TASK BRIEF.
Can you write out every line from the start of the records below through the line containing "Sandalias barefoot, con", leaving out any pictures?
──────
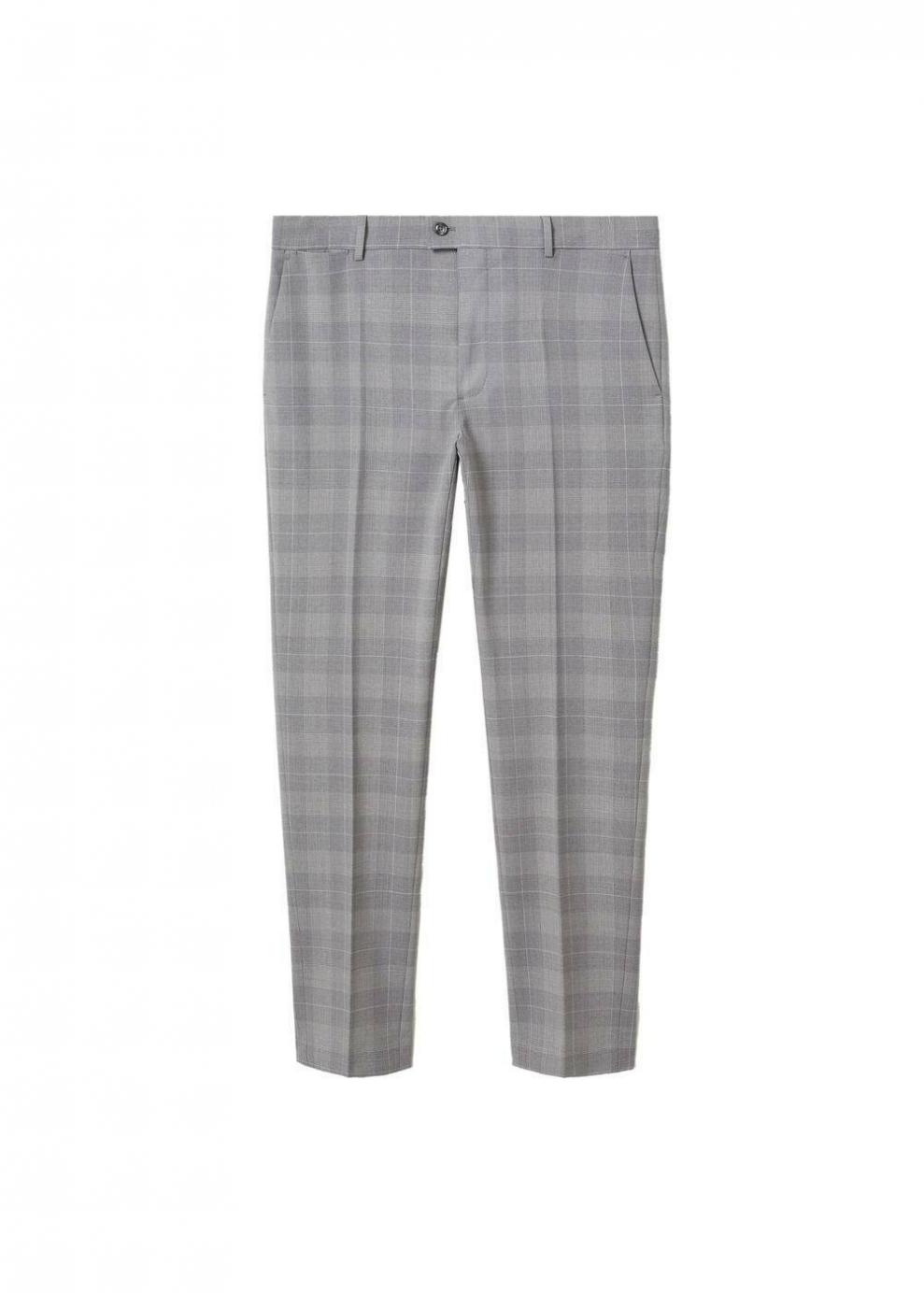 Hombre Pantalón traje slim fit lana cuadros Gris | Pantalones Mango
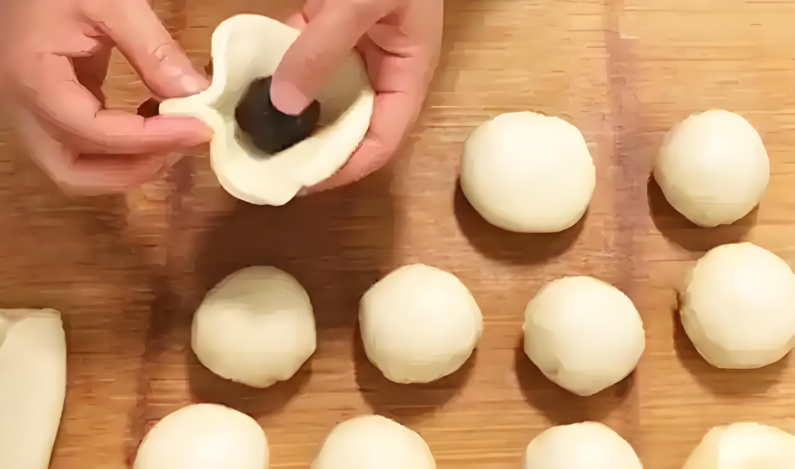 - 劑子擀成中間厚、邊緣薄的麪皮,挖一勺紅豆沙放中間(別貪多,容易漏餡)。
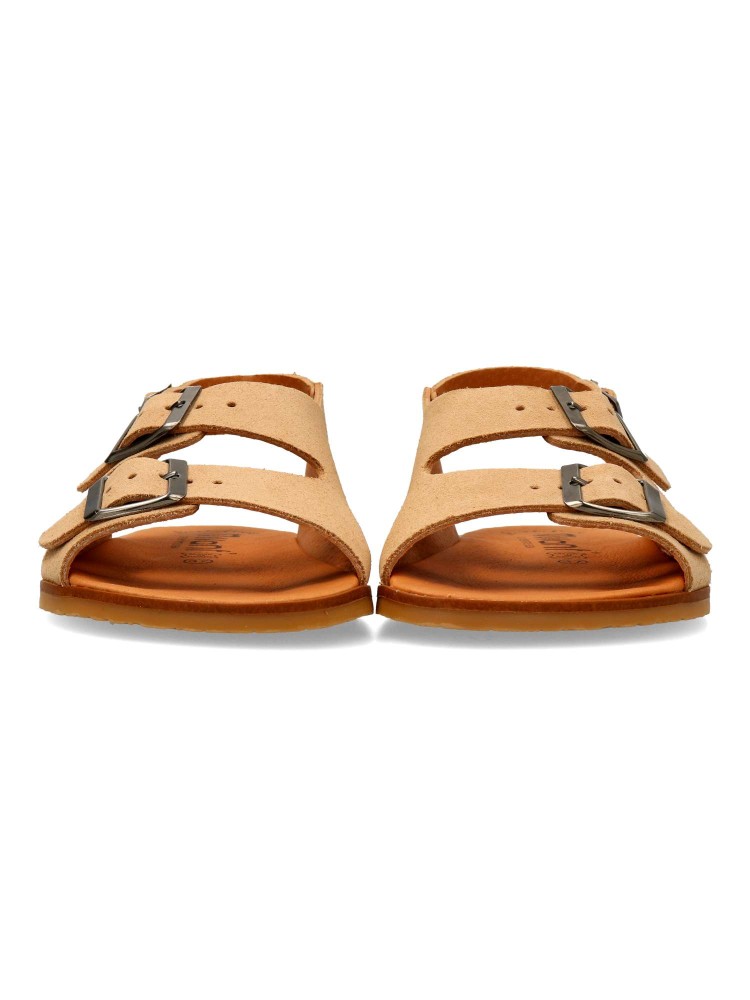 Sandalias barefoot, con suela fina, flexible, antideslizante y sin drop. Calzado respetuoso que permite una pisada natural y saludable. Corte en piel cuero texturizada, suave, transpirable y resistente. Horma ancha y plantilla ergonómica. Hecho en España.
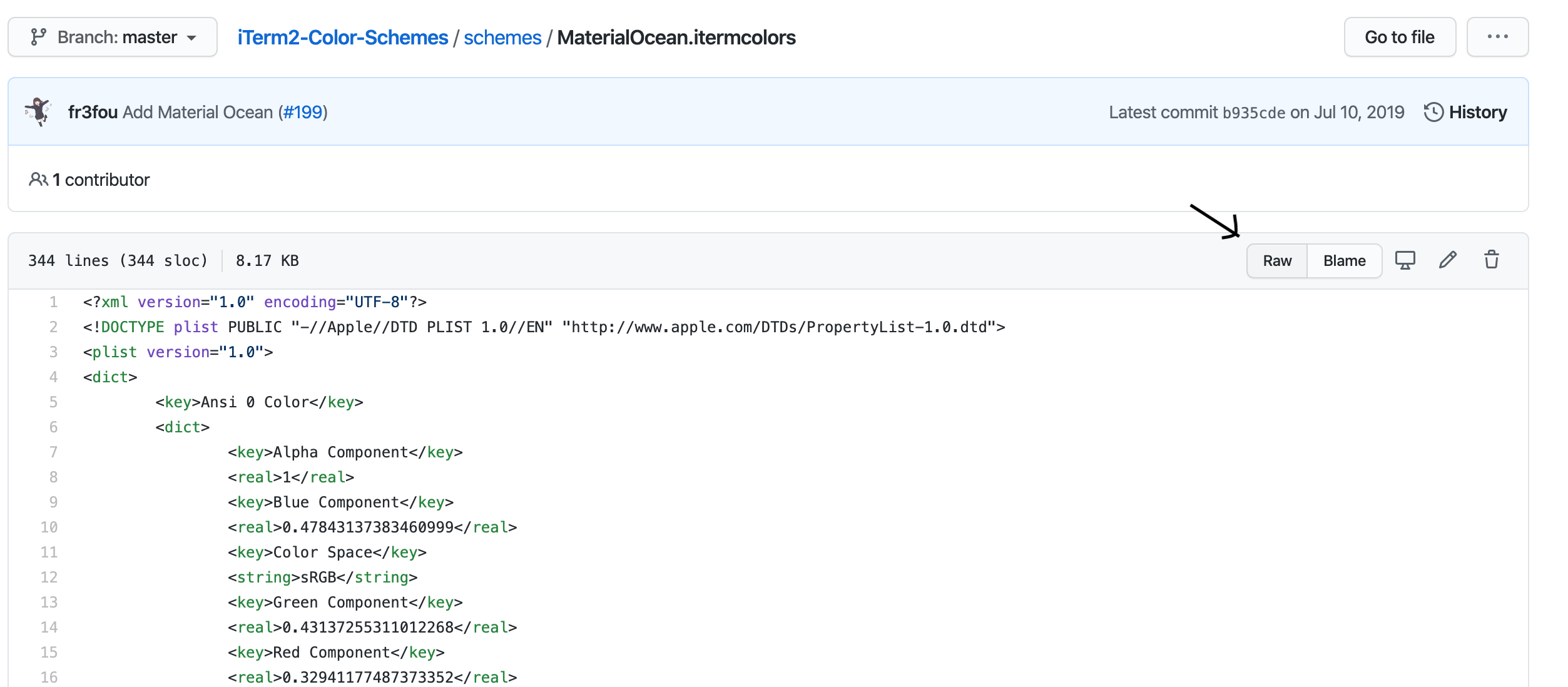 마음에 드는 색상 테마를 검색(Ctrl + f / Cmd + f)해서 Raw버튼을 클릭한다.
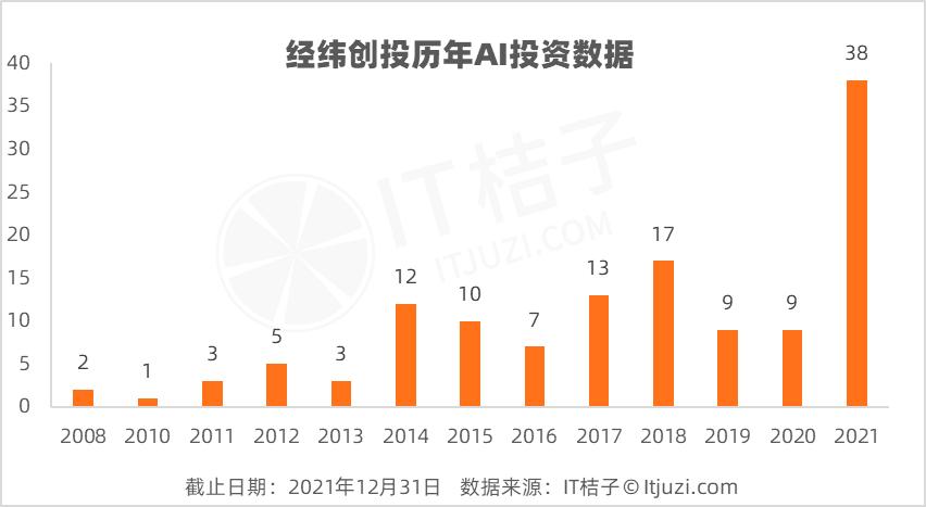 专注智能制造、硬科技等领域投资的经纬创投,自然会不会错过人工智能产业。成立于 2008 年的经纬创投,于 2010 年就开始了 AI 方面的投资。自 2011 年以来,经纬创投在人工智能领域的投资数量达到了 129 起,在国内所有投资机构中排名第四。IT 桔子注意到,相较于以往年份经纬投资数量较为均衡多在 20 起以内,但在 2021 年经纬创投出手投资了 38 次,同比翻了 4 倍多。
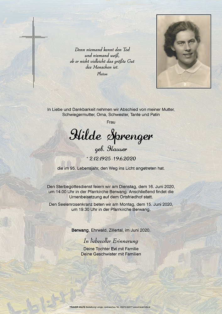 02.12.1925 09.06.2020 Berwang Hilde Sprenger Action Parte Sterbebild Gedenkkerzen Kondolenzen Danksagung Parte Sterbebild Gedenkkerzen Kondolenzen Danksagung Parte herunterladen Sterbebild herunterladen Gedenkkerzen für Hilde Sprenger 38 Einträge Kerze anzünden Fam. Kranzler Ruhe sanft ! EVI u. Peter Wirth mit Familie Waldegger Huber mit Marianne habs schön im Himmel Fam. Peter und Daniela Singer Ruhe sanft ! EVI u. Peter Wirth mit Familie Walter und Anita Falger Familie Singer / Anrauth Fam. Heidi und Karli Koch Anni und Helmut aus Kirchbichl Monja, Alex und Sophia Fam. Willi Berktold Lorenz Maria Eistüberl Cornelia & Jürgen Steinberger mit Kinder Fam. Gerhard Wechner Haus Ehrenberg Wohnbereich 4 Kurt und Susanne Sprenger mit Familie Herta Pallhuber mit Familie Team des SGS Ausserfern Fam. Anton und Gabi Lorenz Rentnergemeinschaft Berwangertal Fam. Wechner Mitteregg Ch. und Th. Reinstadler Andrea, Markus, Marie & Paul Weissmann Roland u. Patricia Krebs, Evelyne Wolf Ruhe in Frieden! Familie Erich Papp A Lichtle aus Reutte Deine Schwester Lisi mit Fam. Margit Weirather, Lechaschau Nicola, Markus & Elena Wolf Dietmar Berktold Renate Praxmair-Perle⭐⭐⭐ Ruhe in Frieden Mario und. Barbara Rief Familie Paschinger Roland Claudia Schreieck TrauerHilfe Bestattung Longo Ihre Gedenkkerze fürHilde Sprenger Ihr Name* Farbe auswählen Ihre Nachricht oder Name* E-Mail-Adresse* Mit dem Klicken auf "Kerze anzünden" erklären Sie sich mit unseren Datenschutzbestimmungen einverstanden. Kondolenzbuch für Hilde Sprenger 1 Eintrag Kondolenz verfassen Wir sind nur Gast auf Erden und wandern ohne Ruh‘ mit mancherlei Beschwerden der ewigen Heimat zu. Ruhe in Frieden 10.06.2020 um 17:30 Uhr Ihr Abschiedsgruß an Hilde Sprenger Ihr Name* E-Mail-Adresse* Ihre Nachricht* Mit dem Klicken auf "Gruß absenden" erklären Sie sich mit unseren Datenschutzbestimmungen einverstanden. Danksagung herunterladen
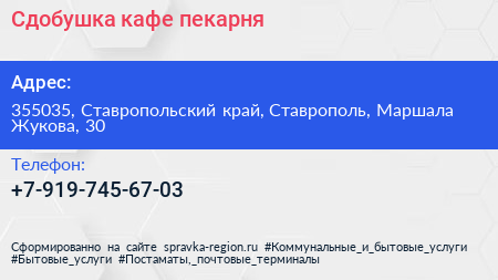 Сдобушка, кафе-пекарня по адресу 355035, Ставропольский край, Ставрополь, Маршала Жукова, 30 в дальнейшем Организация, размещена в следующих категориях:
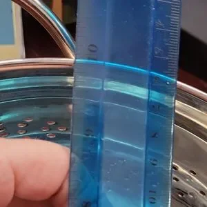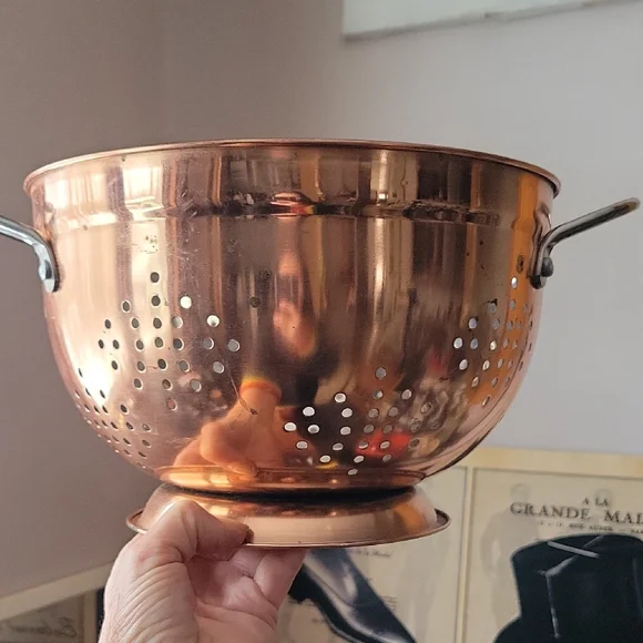 10 inches across and 6 inches tall. Elegant copper colander with sturdy handles. Perfect for kitchen use.
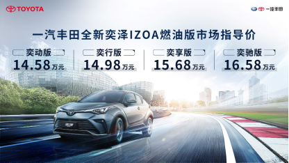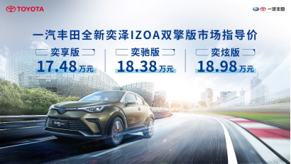 6月6日,全新奕泽IZOA双擎版正式上市,首次搭载先进的丰田2.0L混合动力发动机,依然保持原汁原味的奕泽家族潮流炫酷设计。同时,配置全面升级的全新奕泽IZOA燃油版也同步推出。至此,奕泽家族形成了包含燃油、混合动力、纯电动三大动力形式在内的完整家族品牌。
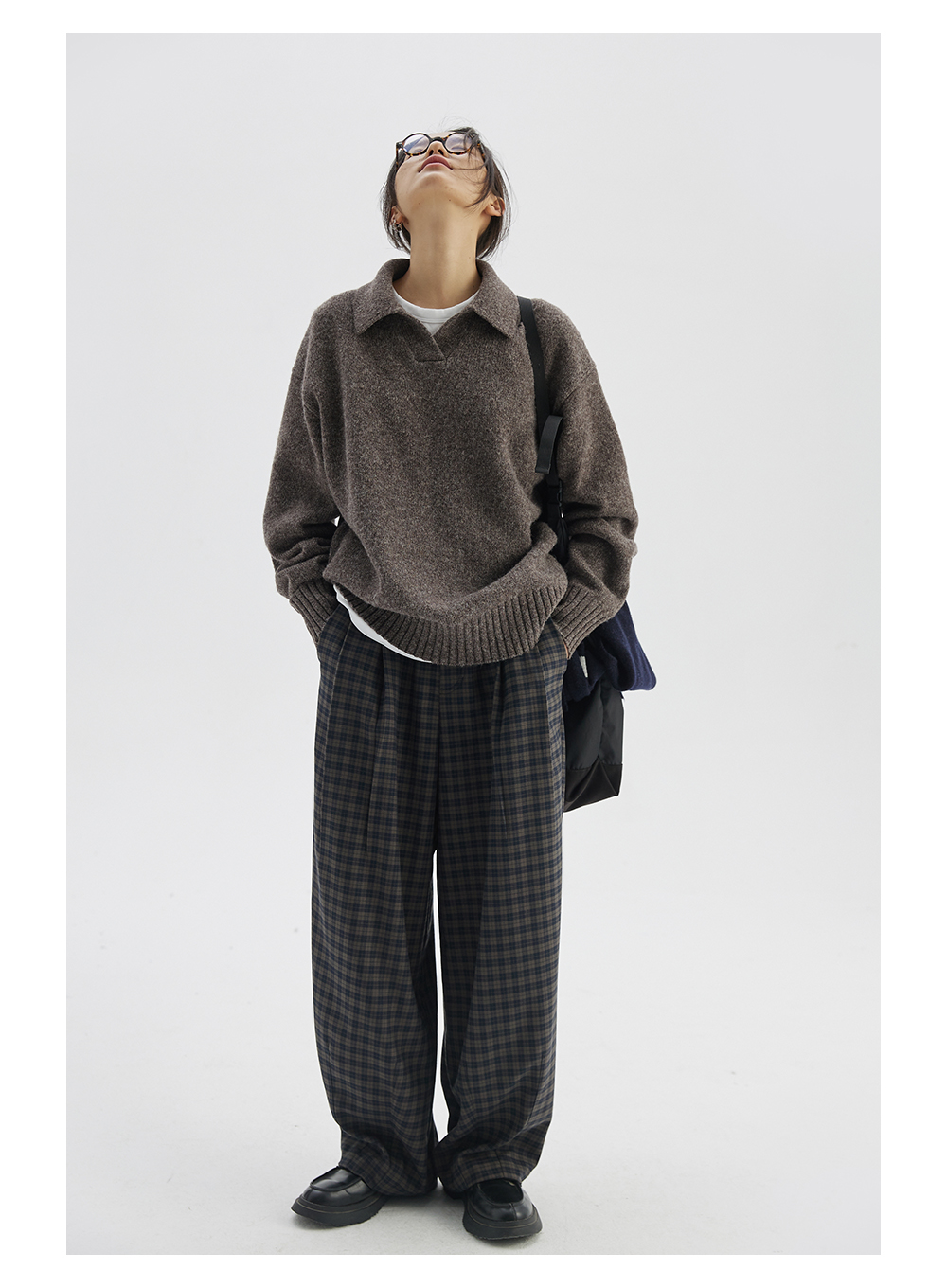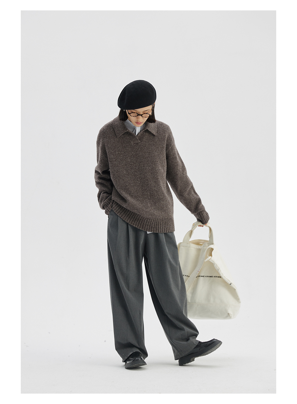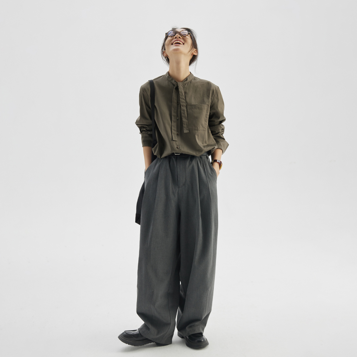 步履不停 日系復古學者風寬鬆垂感小個子直筒寬褲女褲
──────
EXERCISE RESULT.
 Hombre Pantalón traje slim fit lana cuadros Gris | Pantalones Mango
 - 劑子擀成中間厚、邊緣薄的麪皮,挖一勺紅豆沙放中間(別貪多,容易漏餡)。
 Sandalias barefoot, con suela fina, flexible, antideslizante y sin drop. Calzado respetuoso que permite una pisada natural y saludable. Corte en piel cuero texturizada, suave, transpirable y resistente. Horma ancha y plantilla ergonómica. Hecho en España.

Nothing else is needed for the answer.